• [GIVEN ENTRIES]
****

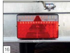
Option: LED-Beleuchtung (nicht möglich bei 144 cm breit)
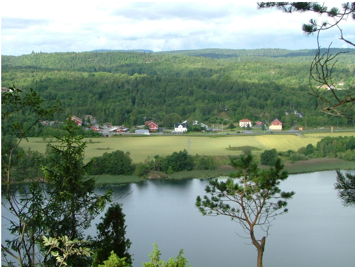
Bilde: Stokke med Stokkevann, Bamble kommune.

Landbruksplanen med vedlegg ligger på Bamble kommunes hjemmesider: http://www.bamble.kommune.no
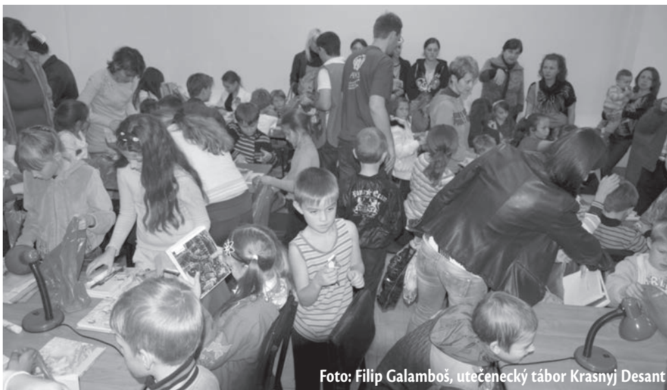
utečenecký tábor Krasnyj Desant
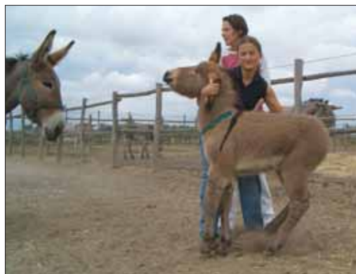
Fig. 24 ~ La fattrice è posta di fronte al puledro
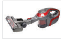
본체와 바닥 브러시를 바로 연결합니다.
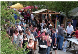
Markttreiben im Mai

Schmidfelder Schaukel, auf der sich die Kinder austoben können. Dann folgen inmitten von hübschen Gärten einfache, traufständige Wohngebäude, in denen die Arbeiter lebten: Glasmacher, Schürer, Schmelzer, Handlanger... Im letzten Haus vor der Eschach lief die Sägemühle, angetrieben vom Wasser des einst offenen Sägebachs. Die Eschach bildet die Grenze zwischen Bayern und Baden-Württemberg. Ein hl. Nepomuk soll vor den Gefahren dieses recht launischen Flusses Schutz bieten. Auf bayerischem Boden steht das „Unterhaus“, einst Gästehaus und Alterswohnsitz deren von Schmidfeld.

****

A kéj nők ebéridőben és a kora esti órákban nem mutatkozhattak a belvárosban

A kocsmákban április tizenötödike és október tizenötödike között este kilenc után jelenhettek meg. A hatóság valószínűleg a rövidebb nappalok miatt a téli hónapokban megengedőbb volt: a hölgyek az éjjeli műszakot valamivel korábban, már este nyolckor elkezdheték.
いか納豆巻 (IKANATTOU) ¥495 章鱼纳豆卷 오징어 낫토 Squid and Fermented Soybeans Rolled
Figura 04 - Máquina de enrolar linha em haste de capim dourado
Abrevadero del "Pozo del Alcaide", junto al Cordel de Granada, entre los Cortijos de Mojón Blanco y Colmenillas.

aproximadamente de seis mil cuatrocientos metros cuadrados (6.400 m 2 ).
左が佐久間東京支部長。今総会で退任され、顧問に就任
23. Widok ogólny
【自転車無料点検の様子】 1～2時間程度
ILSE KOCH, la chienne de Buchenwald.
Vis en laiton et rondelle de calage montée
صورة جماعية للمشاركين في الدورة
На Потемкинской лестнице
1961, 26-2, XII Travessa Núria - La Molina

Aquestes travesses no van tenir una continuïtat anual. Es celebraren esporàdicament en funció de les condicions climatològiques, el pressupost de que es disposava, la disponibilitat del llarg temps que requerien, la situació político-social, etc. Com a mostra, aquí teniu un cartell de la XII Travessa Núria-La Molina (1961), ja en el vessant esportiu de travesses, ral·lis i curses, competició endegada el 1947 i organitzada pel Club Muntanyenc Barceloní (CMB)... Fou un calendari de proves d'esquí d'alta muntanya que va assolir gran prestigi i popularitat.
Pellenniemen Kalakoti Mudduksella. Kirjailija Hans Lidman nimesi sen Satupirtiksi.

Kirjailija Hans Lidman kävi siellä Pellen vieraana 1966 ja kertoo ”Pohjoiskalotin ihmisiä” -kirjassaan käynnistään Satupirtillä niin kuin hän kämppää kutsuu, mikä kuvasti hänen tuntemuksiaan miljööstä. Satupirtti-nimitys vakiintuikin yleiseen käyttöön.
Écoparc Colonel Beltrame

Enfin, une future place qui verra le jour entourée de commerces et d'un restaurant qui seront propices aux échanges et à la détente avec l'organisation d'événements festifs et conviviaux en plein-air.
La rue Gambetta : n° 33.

****

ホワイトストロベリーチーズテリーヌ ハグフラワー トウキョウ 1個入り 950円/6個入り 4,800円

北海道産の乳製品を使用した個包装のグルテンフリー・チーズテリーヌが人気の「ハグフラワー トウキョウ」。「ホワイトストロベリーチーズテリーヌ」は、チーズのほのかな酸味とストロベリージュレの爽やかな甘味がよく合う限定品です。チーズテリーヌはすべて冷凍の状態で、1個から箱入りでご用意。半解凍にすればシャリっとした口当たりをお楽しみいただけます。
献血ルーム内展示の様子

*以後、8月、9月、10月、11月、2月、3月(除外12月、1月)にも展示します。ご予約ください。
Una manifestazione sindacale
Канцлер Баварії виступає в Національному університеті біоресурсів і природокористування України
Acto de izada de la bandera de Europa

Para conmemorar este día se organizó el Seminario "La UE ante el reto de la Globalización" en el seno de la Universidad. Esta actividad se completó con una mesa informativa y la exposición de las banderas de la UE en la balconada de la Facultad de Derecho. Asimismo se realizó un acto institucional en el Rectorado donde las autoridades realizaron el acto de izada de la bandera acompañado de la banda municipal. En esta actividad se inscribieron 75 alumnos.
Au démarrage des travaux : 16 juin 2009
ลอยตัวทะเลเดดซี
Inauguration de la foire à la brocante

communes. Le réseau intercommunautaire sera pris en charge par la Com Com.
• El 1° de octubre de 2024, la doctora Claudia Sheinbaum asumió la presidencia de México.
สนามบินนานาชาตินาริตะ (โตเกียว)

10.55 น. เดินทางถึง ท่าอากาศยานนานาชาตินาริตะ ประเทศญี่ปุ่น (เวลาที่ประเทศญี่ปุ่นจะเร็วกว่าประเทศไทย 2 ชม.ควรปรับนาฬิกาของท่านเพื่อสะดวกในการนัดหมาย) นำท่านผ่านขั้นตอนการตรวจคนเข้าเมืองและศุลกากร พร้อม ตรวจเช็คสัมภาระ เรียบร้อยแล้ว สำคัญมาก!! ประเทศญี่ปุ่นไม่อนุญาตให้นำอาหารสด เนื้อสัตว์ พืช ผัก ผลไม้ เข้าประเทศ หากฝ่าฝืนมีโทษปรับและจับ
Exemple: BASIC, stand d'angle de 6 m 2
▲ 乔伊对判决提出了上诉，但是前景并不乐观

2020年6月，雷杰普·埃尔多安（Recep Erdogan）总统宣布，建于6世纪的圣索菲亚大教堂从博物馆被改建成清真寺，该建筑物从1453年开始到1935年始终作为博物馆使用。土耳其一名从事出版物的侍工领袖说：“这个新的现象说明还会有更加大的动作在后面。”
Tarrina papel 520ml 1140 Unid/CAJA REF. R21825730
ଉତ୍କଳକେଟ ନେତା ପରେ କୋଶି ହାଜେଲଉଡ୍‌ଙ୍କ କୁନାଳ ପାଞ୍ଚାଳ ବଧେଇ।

****

• [TASK DETAILS] In the listing above, find the line containing "Kirjailija Hans Lidman kävi" and the line containing "La rue Gambetta : n° 33.". Output them and every line between, exactly, and nothing else.

• [ANSWER TO THE PROBLEM]
Kirjailija Hans Lidman kävi siellä Pellen vieraana 1966 ja kertoo ”Pohjoiskalotin ihmisiä” -kirjassaan käynnistään Satupirtillä niin kuin hän kämppää kutsuu, mikä kuvasti hänen tuntemuksiaan miljööstä. Satupirtti-nimitys vakiintuikin yleiseen käyttöön.
Écoparc Colonel Beltrame

Enfin, une future place qui verra le jour entourée de commerces et d'un restaurant qui seront propices aux échanges et à la détente avec l'organisation d'événements festifs et conviviaux en plein-air.
La rue Gambetta : n° 33.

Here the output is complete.